Embora a estética das redes sociais muitas vezes priorize o imediato e o espontâneo, o processo de Gabriela é cirúrgico. Para a artista, essa preferência do público pelo "menos estético" e pelo "mais real" reflete um cansaço da sociedade com cenários elaborados e excessos de efeitos. "Estamos fazendo uma espécie de arte de fim do mundo", reflete Gabriela. "Como se tivéssemos uma saudade antecipada de um mundo que ainda não acabou. Por isso tantas pessoas se identificam".
Apesar da poesia crua, ela mistura, como em uma salada de frutas, o melhor que existe dentro de si mesma. "Eu de fato peguei a câmera e falei. Mas, antes, eu estudei. Pensei em como ia falar, o que ia escrever e como construir aquela arte específica para publicar. A performance na internet perdeu um pouco do senso artístico por estar muito alinhada apenas à estética. Agora, todo mundo performa, mas dentro da arte o funcionamento é outro."
Raízes nacionais
Em um mundo globalizado e hiperconectado, sobretudo em época de TikTok, Gabisteca nada contra a maré. Suas referências não vêm de algoritmos ou de tendências virais estrangeiras, mas do cinema e da literatura brasileira. Ela se assume como uma entusiasta da cultura nacional, citando clássicos como Eu Sei Que Vou Te Amar, de Arnaldo Jabor (protagonizado por Fernanda Torres), e Bye Bye Brasil.
A artista refuta a pressão de consumir best-sellers internacionais ou nomes óbvios da literatura estrangeira apenas por convenção.

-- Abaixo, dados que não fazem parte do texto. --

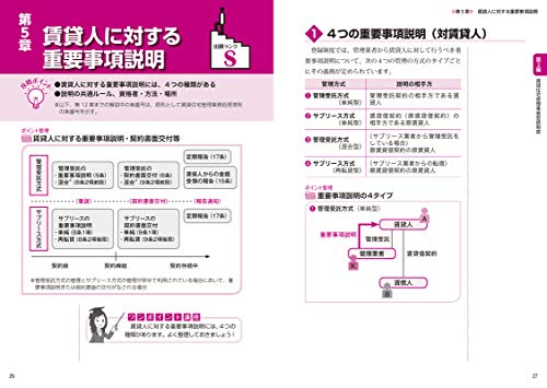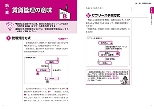 公式テキストの巻頭だった「意義・役割をめぐる社会状況」「倫理憲章」などは日建テキストでは後ろに飛び、その一方日建テキストの巻頭には別途、賃貸管理業務の流れ・管理受託とサブリースの比較の項目が加わっていました。

Para ela, a língua portuguesa e a identidade brasileira possuem uma poesia única que basta para sua formação."O Brasil tem uma poesia em ser brasileiro que cativa demais. Nossa cultura é muito mais nossa pelo simples fato de estarmos aqui. É onde a identificação acontece de forma 100% real", conclui.

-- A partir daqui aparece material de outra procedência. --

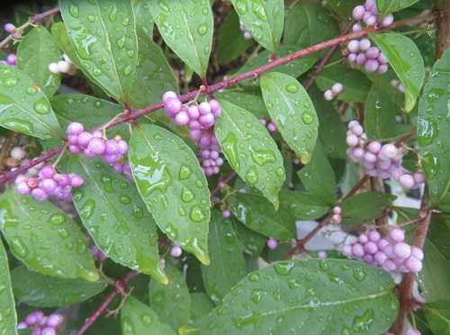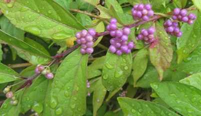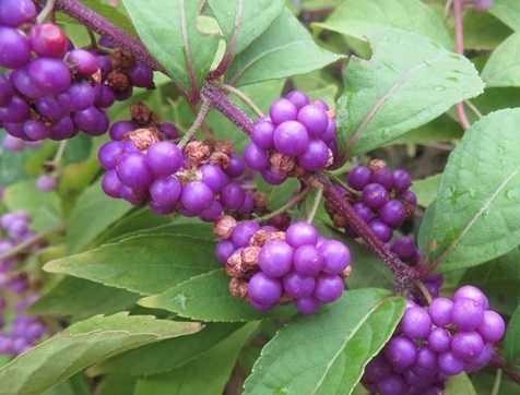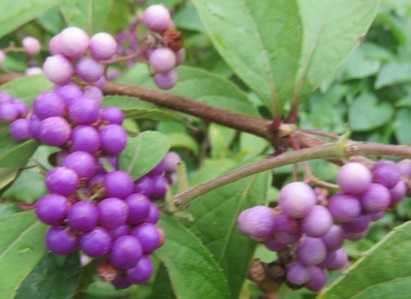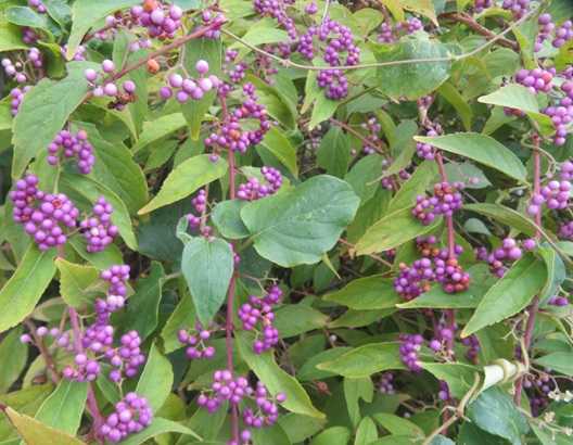 コムラサキの実はボール状につき、ムラサキシキブよりも密生し見応えがある

Na pressa dos dias e da rotina, é comum que muitos conteúdos passem despercebidos no dedilhar das telas. Essa aceleração, que muitas vezes atropela a contemplação, faz com que as pessoas não percebam a poesia no cotidiano. No entanto, ela enxerga o momento atual com otimismo. Para a artista, a poesia produzida hoje não deve ser comparada à régua da literatura clássica, mas sim entendida como o "reflexo do nosso tempo".

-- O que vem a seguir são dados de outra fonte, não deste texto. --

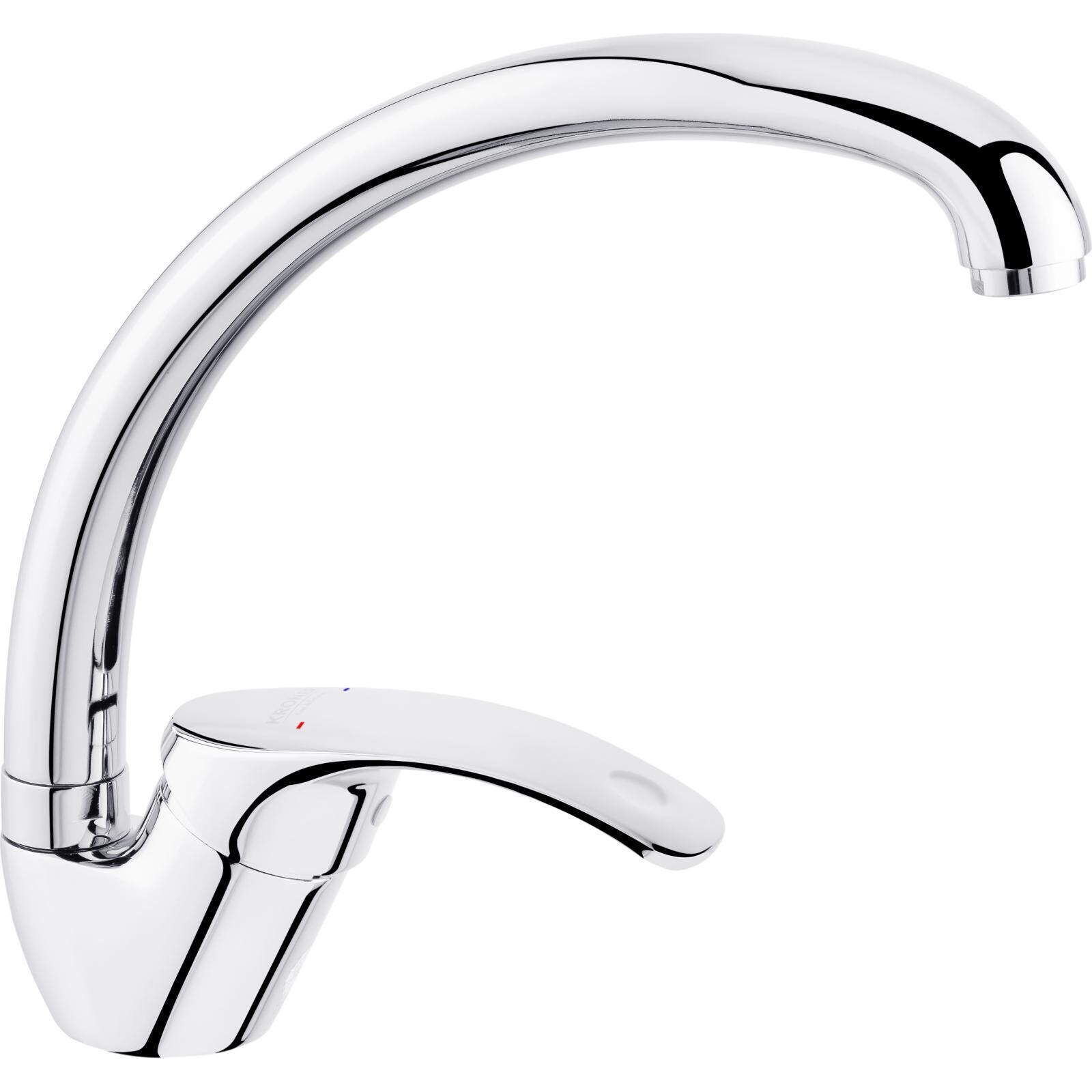 Смеситель для кухни Kroner KRP Konstante – C032 – идеальный выбор для вашей кухни. Изготовлен из высококачественной латуни, гарантирует прочность и долговечность. Обладает привлекательным глянцевым хромированным цветом, что придает ему элегантность. Смеситель оснащен картриджным механизмом смешивания, позволяющим удобно регулировать температуру воды. Его уникальная С-образная форма излива обеспечивает удобство при наполнении посуды или мытья продуктов. Наслаждайтесь функциональностью и стилем смесителя Kroner.

"A gente faz a poesia do que vivemos agora. Não tem como fugir disso", acrescenta. Gabriela destaca que faz parte de um grupo de amigos artistas dedicados a estudar a relação entre a arte e a internet. Em outubro, ela se muda para a Itália, com o objetivo de se especializar ainda mais no teatro. Com muitos sonhos pela frente, Gabisteca tem conquistado um público fiel e apaixonado. Mais do que isso, tem criado uma estética única, que permanece viva entre a arte e a nostalgia.